- **RAW DATA**:

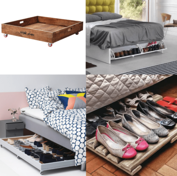 O bien manos a la obra: Debés colocar debajo de la cama una tabla de madera de gran tamaño y añadirle cuatro ruedas (Recordá previamente tomar las medidas de altura que tenés debajo de la cama, para tener en cuenta la madera a comprar, la laturas de las rueditas e incluso la altura de los zapatos que vayas a colocar!)
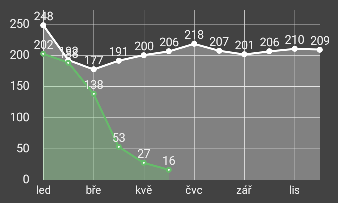 Po několika měsících graf, tentokrát z odečtů elektroměru. Bíle rok 2017, zeleně rok 2018.
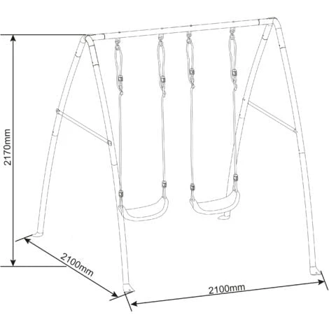 Le portique en métal est en acier revêtu de poudre et est galvanisée à l’intérieur et à l’extérieur. Pour plus de sécurité, le portique est fourni avec quatre ancrages de sol pour la fixation dans le sol. Les sièges en plastique PP sont très faciles à nettoyer. Vous pouvez donc vous balancer même après un peu de pluie. La balançoire grandit avec votre enfant grâce aux cordes réglables qui lui assurent une longue vie. Les

- **TASK DESCRIPTION**:
In your copy of the material, every word must match and no image should appear.

- **EXERCISE OUTPUT**:
 O bien manos a la obra: Debés colocar debajo de la cama una tabla de madera de gran tamaño y añadirle cuatro ruedas (Recordá previamente tomar las medidas de altura que tenés debajo de la cama, para tener en cuenta la madera a comprar, la laturas de las rueditas e incluso la altura de los zapatos que vayas a colocar!)
 Po několika měsících graf, tentokrát z odečtů elektroměru. Bíle rok 2017, zeleně rok 2018.
 Le portique en métal est en acier revêtu de poudre et est galvanisée à l’intérieur et à l’extérieur. Pour plus de sécurité, le portique est fourni avec quatre ancrages de sol pour la fixation dans le sol. Les sièges en plastique PP sont très faciles à nettoyer. Vous pouvez donc vous balancer même après un peu de pluie. La balançoire grandit avec votre enfant grâce aux cordes réglables qui lui assurent une longue vie. Les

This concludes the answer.